[What to produce]: A picture-free, exact reproduction of the listing that follows is required.

========

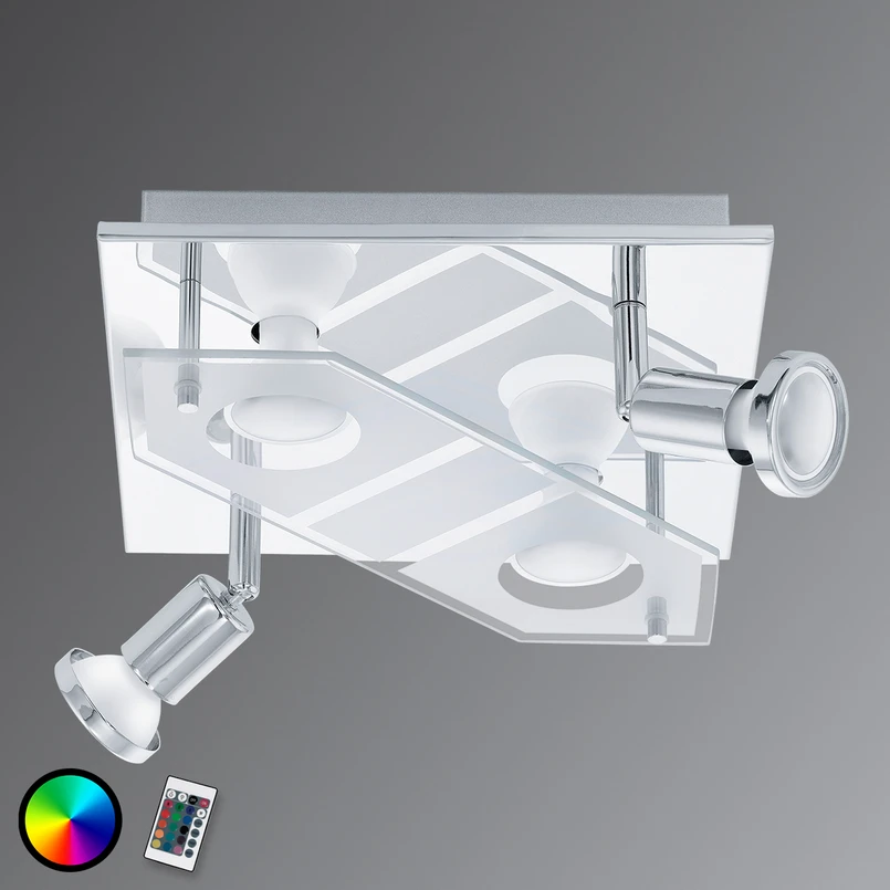 La lampe Cabo-C peut être installée au plafond ou au mur. Mais ce n’est pas tout. Ce luminaire est fourni avec des ampoules LED RGBW GU10, ce qui permet d’obtenir un éclairage dans 16 couleurs différentes ou une agréable lumière blanc chaud pour une ambiance lumineuse plus sobre. La luminosité peut également être réglée à l’aide de la télécommande. Quatre programmes lumineux sont déjà préréglés. Le changement de couleur s’effectue à l’aide de la télécommande. Lampe fournie avec télécommande et ampoules LED RGBW GU10.
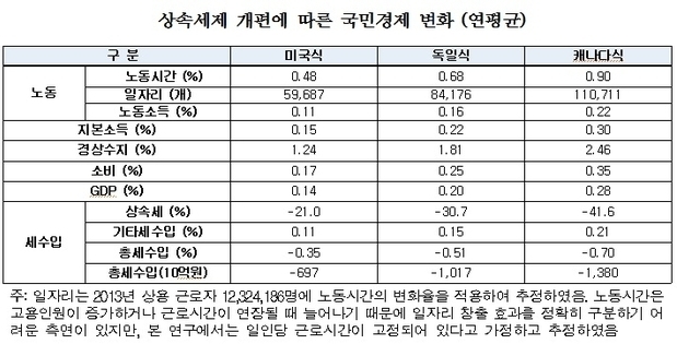 한경연은 상속세 개편이 고용, 경상수지, 내수, 국내총생산(GDP) 등 국민경제에 긍정적인 영향을 미치는 것으로 분석했다.
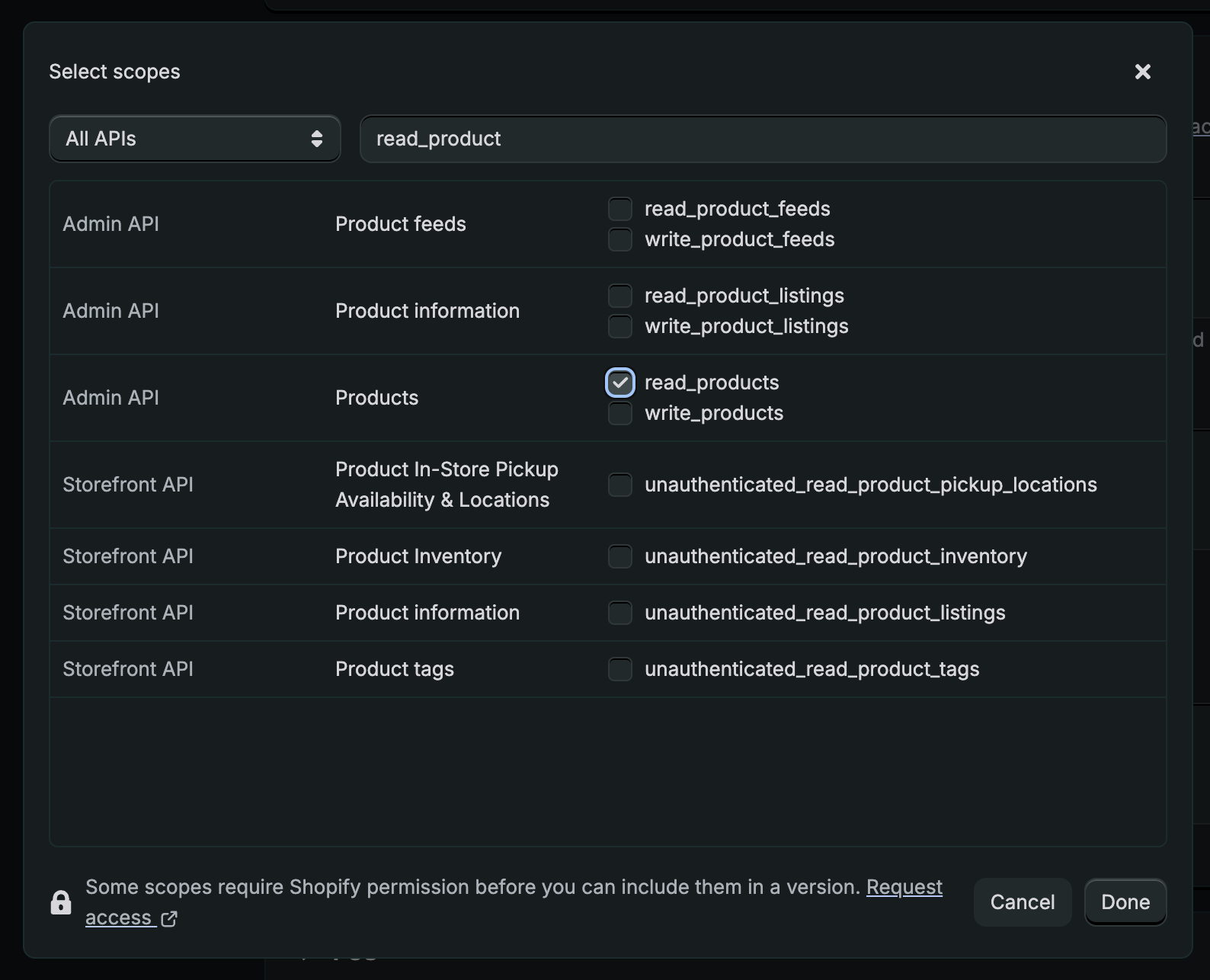 Depending on your use case, you may need to request permissions for access to certain scopes. Most use cases will require the “Read all orders” scope, which you can request on this page. If it’s relevant to your app, it isn’t too hard to get this access. You may also be interested in requesting subscription APIs and protected customer data.
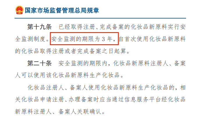 根据《化妆品注册备案管理办法》第十九条规定,已经取得注册、完成备案的化妆品新原料实行安全监测制度。安全监测的期限为3年,自首次使用化妆品新原料的化妆品取得注册或者完成备案之日起算。
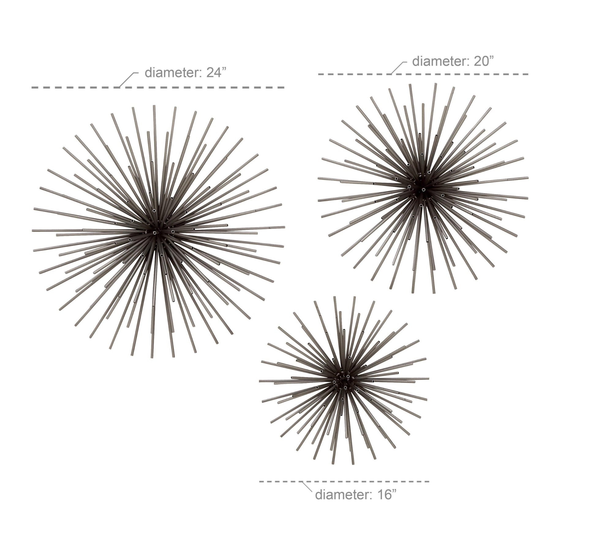 - METAL WALL HOME DECOR: Sunburst wall décor pieces feature a solid tin wire construction

========

[Answer to this task]:
 La lampe Cabo-C peut être installée au plafond ou au mur. Mais ce n’est pas tout. Ce luminaire est fourni avec des ampoules LED RGBW GU10, ce qui permet d’obtenir un éclairage dans 16 couleurs différentes ou une agréable lumière blanc chaud pour une ambiance lumineuse plus sobre. La luminosité peut également être réglée à l’aide de la télécommande. Quatre programmes lumineux sont déjà préréglés. Le changement de couleur s’effectue à l’aide de la télécommande. Lampe fournie avec télécommande et ampoules LED RGBW GU10.
 한경연은 상속세 개편이 고용, 경상수지, 내수, 국내총생산(GDP) 등 국민경제에 긍정적인 영향을 미치는 것으로 분석했다.
 Depending on your use case, you may need to request permissions for access to certain scopes. Most use cases will require the “Read all orders” scope, which you can request on this page. If it’s relevant to your app, it isn’t too hard to get this access. You may also be interested in requesting subscription APIs and protected customer data.
 根据《化妆品注册备案管理办法》第十九条规定,已经取得注册、完成备案的化妆品新原料实行安全监测制度。安全监测的期限为3年,自首次使用化妆品新原料的化妆品取得注册或者完成备案之日起算。
 - METAL WALL HOME DECOR: Sunburst wall décor pieces feature a solid tin wire construction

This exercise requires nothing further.